In that last thread, I was trying to extend that alteration idea to the first move and failed, and I made the mistake of thinking it was a large improvement for a short while. I am very sorry to have dragged you into that. I did post a retraction relatively quickly in that thread.
BTW, I absolutely agree that doing a division of labor inside the search of the root node, rather than just calling the root node search in all threads, should be even better. This is not my current implementation, although I am gaming it a bit by changing the move order in the even/odd threads.
To really do YBW at the root, I would need to divide up the work and wait for returns from the threads at that point, and my current implementation just doesn't do that. I could implement it, and I will certainly take a crack at it, but I can't test this aspect soon due to my work schedule (we are mid-semester here).
No need to be impolite. Sometimes the written word alone can lead to surprising misunderstandings.
Sorry about that, I should have expressed myself better. I just felt frustrated at the fact we are not doing the same thing when you already said you search different moves and different depth to avoid redundancy. Doing that will increase idle time as you saw in my results, and also searching N moves with an open window is a killer! If you search all moves by all processors, the redundancy will be higher but it might actually be faster since you don't have too many open windows. ABDADA f.i shares work through hashtable communications by incrementing the number of processors working at a node. I am not keen on implementing that or any variation of it.

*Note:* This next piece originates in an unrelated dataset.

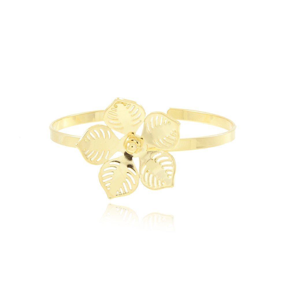 Encante-se com esse bracelete!Este lindo BRACELETE DE FLOR DETALHADA é feito com LATÃO BANHADO A OURO 18K de alta qualidade.

But if you do want to investigate this further, I will re-iterate what I have been saying before, following a simple incremental procedure. Otherwise it is too many variables to analyze at least for me.
a) Same depth + YBW
b) Same depth + No YBW
c) Different depth + YBW
d) Different depth + No YBW
For example you said in your previous post searching at same depth or not with 4 processors didn't matter much as both got 3.6sec. Is that really the case? Other questions can also be answered similarly.
I can understand how frustrating that was, and I am sorry for not explaining my approach more clearly. I'll definitely look at a sequence similar to what you suggest once I have a framework that can accomplish that more naturally.